Last Friday I turned 41 and I have plenty of thoughts on this. All of the different things I have done over the years and all of the things I wish to do with the time I have left. All of the things I wish I could have received for my gift and the gratefulness of those four gifts I already have in my children. It is also the month of my anniversary. Tomorrow I will be married 17 years. That is quite a long time considering many in my life who have not made it this long. My husband has lived with me longer than anyone else including his parents. I could write about love and hearts for Valentines day. I could write that all three of these occasions fall in one month which used to prompt a big celebration and special month. Alas 41 is not significant. 17 years is not really that impressive and when you mix these two anti-climatic achievements with a "Hallmark Holiday", there really wasn't much to write about. I could write about my new job and perhaps on another day I will but not really into it today. I do love what I am doing and it makes me feel happy to be helping out through this rough financial time. But not today.

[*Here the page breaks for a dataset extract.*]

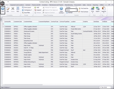 - By default, this screen will list all the Active contracts for the selected site.
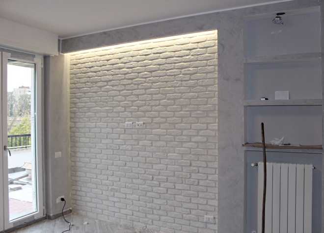 I punti di forza: Ottenere una superficie che è essa stessa già arredamento. Certo, sul mercato si trova di tutto per questo genere di rivestimenti. Quello che fa la differenza è la “credibilità”, la capacità di ottenere una superficie che si stenta a credere sia realizzata con “mattoni riprodotti”.

I could write about the Super Bowl and how its frustrating being in Connecticut when the Giants and the Patriots are playing. I am not really into writing about this either however as I am a Redskins fan and my husband a Rams fan. Neither of us were excited about the game and neither of us really care about the outcome. The only thing that got me going on this topic was the food we ate, and its not the kind of "going" you want to hear about- trust me.
I would love to write about all of the plans I have for the upcoming year but aside from just making it through the bills, days and weekly drama without additional stress, we have none.
There is little to talk about right now. There is little that you really want to hear me say. Im just stuck in the bland sugar free jello of life. I am not unhappy, I am not ungrateful. I am sleeping well and eating healthy. I suppose that what I am really trying to say is that although I am not charged up with opinions and emotions, there is a part of me that is very OK with it. I like not being overly charged. There is something to being able to just breathe and exist. One of my New Years Resolutions was to just BE. I want to not dwell on the past or anticipate the future. I want to be able to stop, stall and just BE in the moment for a while. After all I have already cheated on the other resolution of no alcohol until I lose the weight. It was my birthday after all!! But Im not telling you about that either. After turning 40 I need not tell you why I had a drink. Its all good. Happy BEING!